As part of a campus-wide initiative to improve emergency notification, the University News Service staff created the Facebook group University of Minnesota Emergency Notification and began inviting students to join last week.
“What we look for is a number of means to potentially reach people (during emergencies),” University spokesman Dan Wolter said. “This is one way we’re trying to do that.”
The group joins a system of tone-alert radios, phone trees and campus-wide e-mails as part of the University’s emergency notification protocol.
Following the Virginia Tech shootings in April, college campuses around the country began looking for ways to improve emergency notification, Wolter said.
“Some of the lessons of Virginia Tech were (that) you need multiple mechanisms to have an effective emergency communication system,” University Police Chief Greg Hestness said.
A report commissioned by the governor of Florida revealed four basic elements that a strong campus notification system needs, including text messages, mass e-mails, weather alerts and a public address system.
The University employs two of those methods, e-mail and weather alert notifications, Hestness said.
During the University’s April bomb threat shortly after the Virginia Tech shootings, the University sent a campus-wide e-mail in an attempt to quickly inform students, staff and faculty.
Unfortunately, the e-mail took nearly three hours to reach all of its intended recipients, Wolter said.
The Office of Information Technology has since worked out some kinks in the system, he said, and the University can deliver an e-mail message to about 50,000 people in 10 to 15 minutes.
The Facebook group has about 500 students as members and is modeled after a similar group at Purdue University.
The Purdue group has about 6,000 students in it, Purdue University spokeswoman Jeanne Norberg said. The group was started shortly after the Virginia Tech shootings.
The Purdue officials learned Facebook was a powerful tool when they had a student go missing, she said.
“We used what we learned, and set up this Facebook group,” Norberg said. “Thousands joined immediately.”
Facebook started coming up in conversations among administrators over the past two years, Amelious Whyte, chief of staff in the University’s Office for Student Affairs, said.

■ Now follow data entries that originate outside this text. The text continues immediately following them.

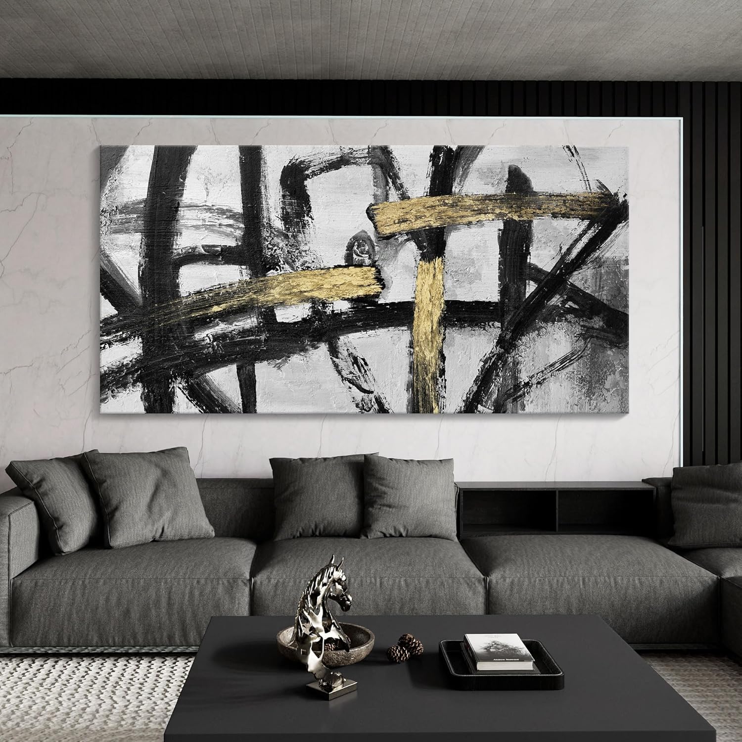 - Modern Abstract Wall Art: This 29X58 in wall art is dominated by black and gray tones,creating a deep and mysterious atmosphere.These tones of wall decor living room not only make the picture more layered,but also lead us into a world full of creativity and unlimited imagination.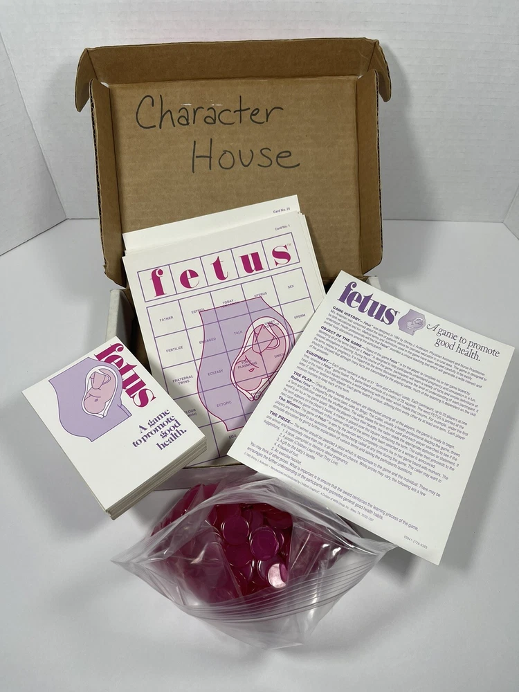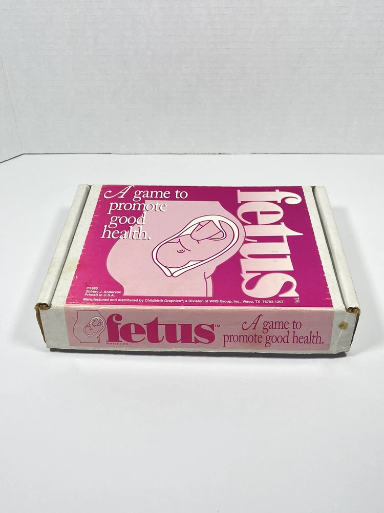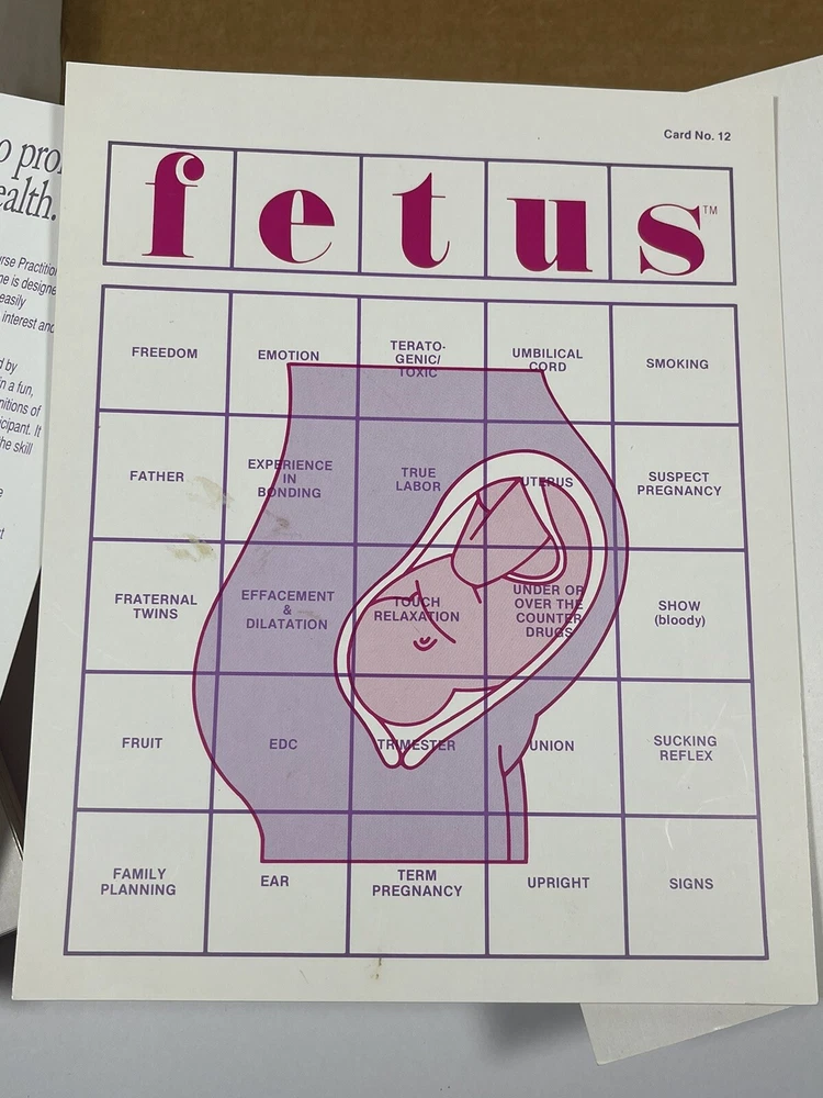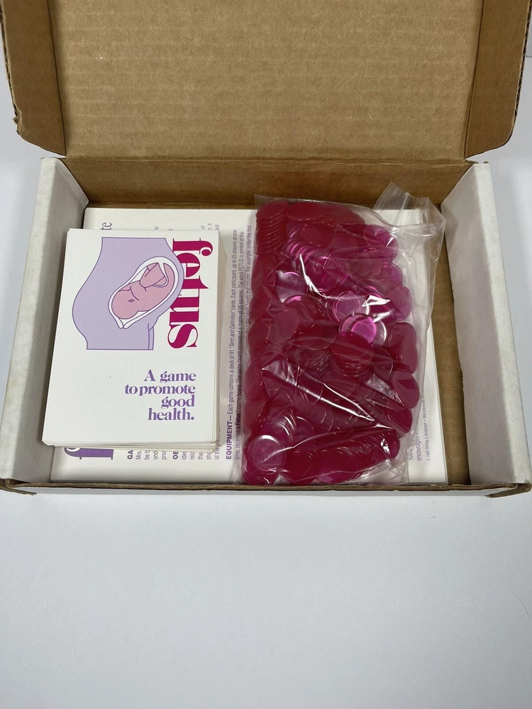 VERY RARE VINTAGE FETUS BOARD GAME 1985 Shirley Anderson Baby Child Pregnancy As far as I can tell all the pieces are here. There are 25 game cards and 95 FETUS cards. The game instructions card states that there should be 91, but there are 95 and they do appear to all be unique. As in, no repeats. There are three of the bingo cards that have a little bit of staining. I’ve provided several photos so please look at them closely before deciding whether or not you want to purchase. The photos are considered to be part of the description. I did not count all of the pink bingo tokens.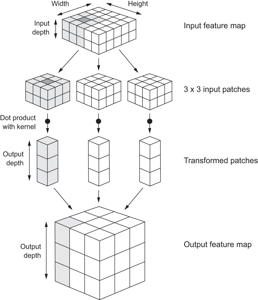 A convolution works by sliding these windows of size 3 × 3 or 5 × 5 over the 3D input feature map, stopping at every possible location, and extracting the 3D patch of surrounding features (shape (window_height, window_width, input_depth)). Each such 3D patch is then transformed into a 1D vector of shape (output_depth), which is done via a tensor product with a learned weight matrix, called the convolution kernel; the same kernel is reused across every patch. All of these vectors (one per patch) are then spatially reassembled into a 3D output map of shape (height, width, output_depth). Every spatial location in the output feature map corresponds to the same location in the input feature map (for example, the lower-right corner of the output contains information about the lower-right corner of the input). For instance, with 3 × 3 windows, the vector output[i, j, ] comes from the 3D patch input[(i-1):(i+1), (j-1):(j+1), ]. The full process is detailed in figure 8.4.

“It serves a unique role bringing people together in a tragedy like Virginia Tech,” he said, “or how we’re using it now, as a supplement to how we notify people in terms of an emergency.”
The University will not rely on Facebook as its sole means to communicate with students, Whyte said.

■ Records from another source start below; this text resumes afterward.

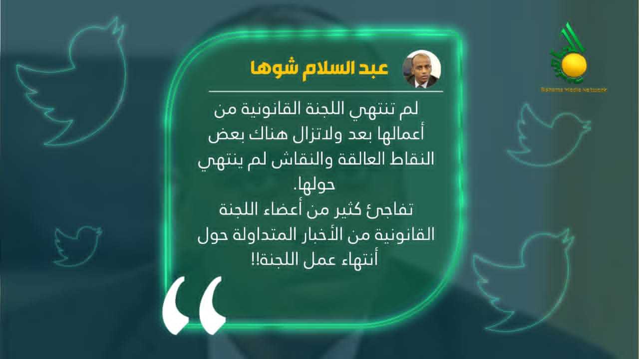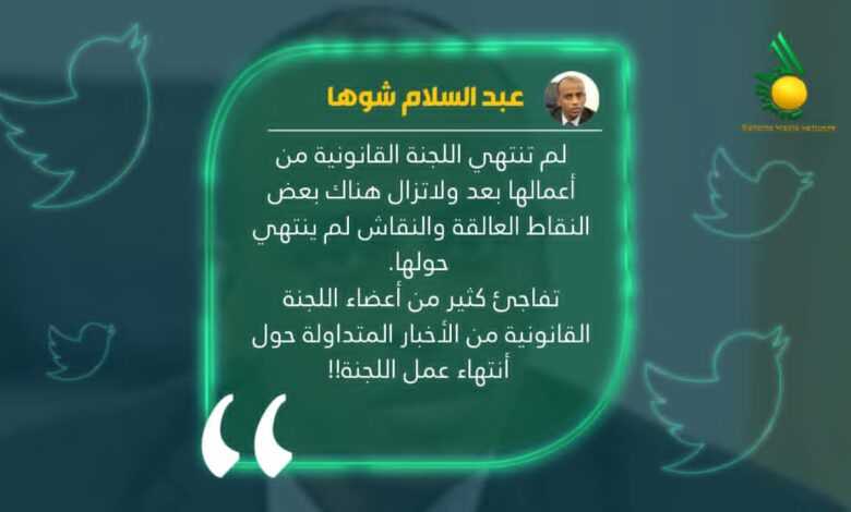 وقال شوها في تغريدة له على تويتر: لم تنتهي اللجنة القانونية من أعمالها بعد ولاتزال هناك بعض النقاط العالقة والنقاش لم ينتهي حولها.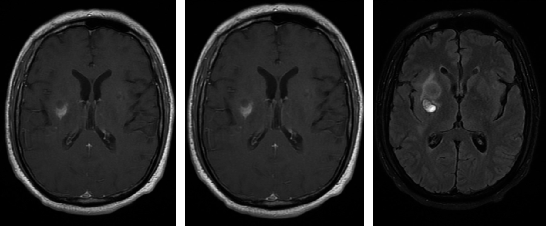Sin embargo, paciente reconsulta al mes del egreso por presentar nuevamente cefalea de las mismas características, para lo cual se toman nuevas neuroimágenes (Figura 3).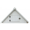 Porta con chiusura in legno e tetto a due falde rivestito in carta catramata per protezione dalle intemperie.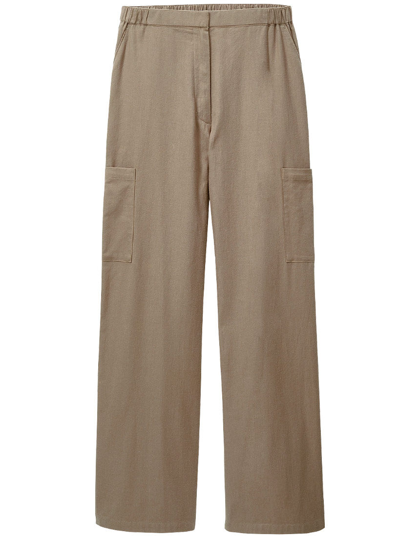 軽い起毛感があるソフトな綿100%素材大人に似合うポケット高め位置のきれいめカーゴパンツ。きちんと見える前開きでウエストは前脇?後ゴムです。LOVE BODY 2023冬号 P44-4に掲載されています。

“It puts a burden on the University to make sure that we don’t use it more than it needs to be used,” he said. “People would leave the group if we used it to send messages that are not emergencies.”
Minnesota Student Association President Emma Olson said she supports the University’s foray into the world of Facebook.
“We should use as many avenues as possible to keep students safe,” she said. “I kind of commend the University of using younger methods of communication for issuing announcements.”